I’d arrived late on purpose, not wanting to run into either Mum or Frank. As I took position at the back, I glanced over to Mum, up at the front. She spared the briefest glance in return and promptly turned away. But not Frank. He lingered there, glaring at me over his shoulder, eyes drilling their hate into me, eyebrows raised. An arm wrapped supportively around my Mum.
(You’re a fucking failure, Jack! I always said so!)
I ignored the screaming insinuations from his glare and picked up an Order of Service, grimacing at the photo of Gran on the front. An almost perfect resemblance to Mum. Then I glanced back to Frank. He was deep into the hymn again, his back to me, hugging Mum in tight and close.
The singing continued.
Gran didn’t deserve my singing voice. Instead, I started playing with the words in my mind, fitting them in with the melody:
Moaning and croaking,
Like the last
breath (of),
A cancer-man smoking,
Rejoice in her death.
After the hymn, everyone took their seats with a brief series of hushed shuffling sounds. The service proceeded with all the usual sycophantic bullshit. A wonderful woman, a beautiful soul. Oh, how she’ll be missed. I watched distant family members and barely recognisable friends weeping and hugging. When the congregation finally stood to listen to Michael Jackson’s ‘You Are Not Alone’ the coffin slid away. The curtains closed with an awkward squeaking and off she went with her express ticket to Hell.
* * *
I didn’t cause a scene.
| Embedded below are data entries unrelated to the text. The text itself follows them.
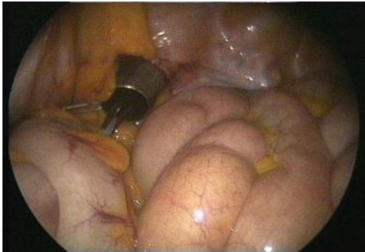
Fig. 2. A 12-mm port is placed through the vagina into the abdominal cavity, perforating the vaginal wall in the posterior cul de sac under direct vision.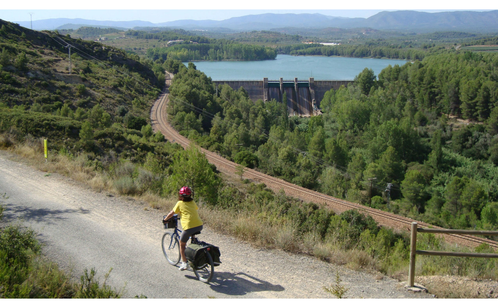
OJOS NEGRO GREENWAY CYCLING ROUTE CASTELLÓN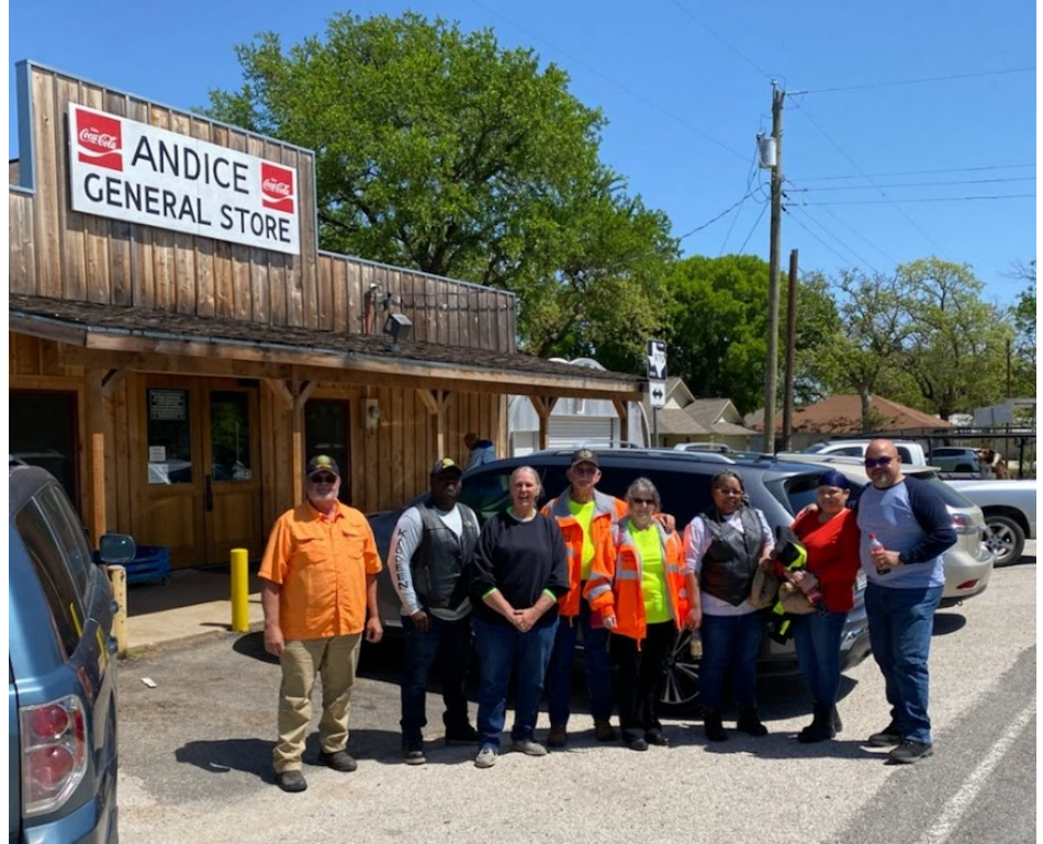
Chapter T Ride, Saturday 10 April 2021.

The Wingnut has been vaccinated and is ready to ride!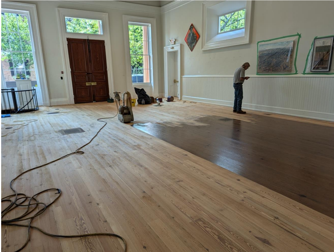
Removing old floor finish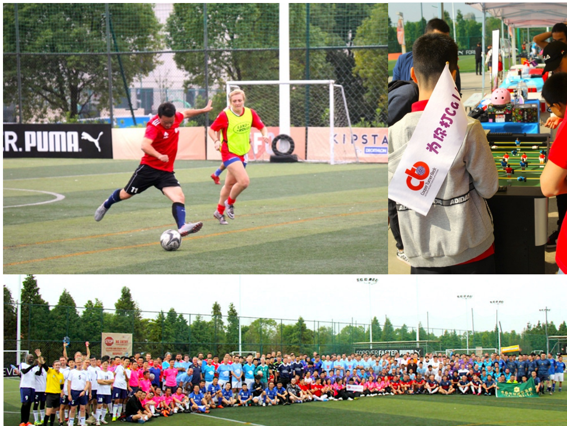
Previous Football Tournament

I could have. I could have exploded into a drink-fuelled supernova of hate but I remained calm and slunk from the crematorium before anyone noticed, deciding to give the wake a wide berth.
A few days later, a large envelope landed on my doormat. I opened it and shook out the contents. There were two smaller envelopes inside, one which had ‘Jack’ written on the front in my Mum’s handwriting, and one in my grandmother’s.
I decided to open and read Mum’s letter first:
Jack,
Your Grandmother left you some money and a letter (enclosed). We already know what your Gran left you, and we’ll get a cheque to you before probate is settled, as I’m sure you’ll be keen to get your hands on the money. Of course, Frank thinks you shouldn’t get a penny, but who am I to challenge the wishes of your kind and ever-loving Grandmother?
Mum.
I sneered at it and opened Gran’s. I wasn’t really sure I wanted to. There was a sudden sickness in my guts. But curiosity got the better of me.
It said:
Dear Jack,
I let you down. I am sorry,
Gran.
A while after that, the cheque turned up. It was for fifty thousand pounds.
Two
I’d taken a few days off work, playing the part of a grieving grandson. Taking time off was the sort of thing that other people would do and I’d realised some time ago that often in life it’s best to do what other people do. To look normal and fit in. In any event, my head was a mess. Tons of thoughts swirling around my mind, like the noisy rushing chaos of a tornado, not least of which was the money Gran had left me. The anger was still there; a bright fury that smouldered beneath the surface of my outward calm. But there was a massive sense of confusion, too.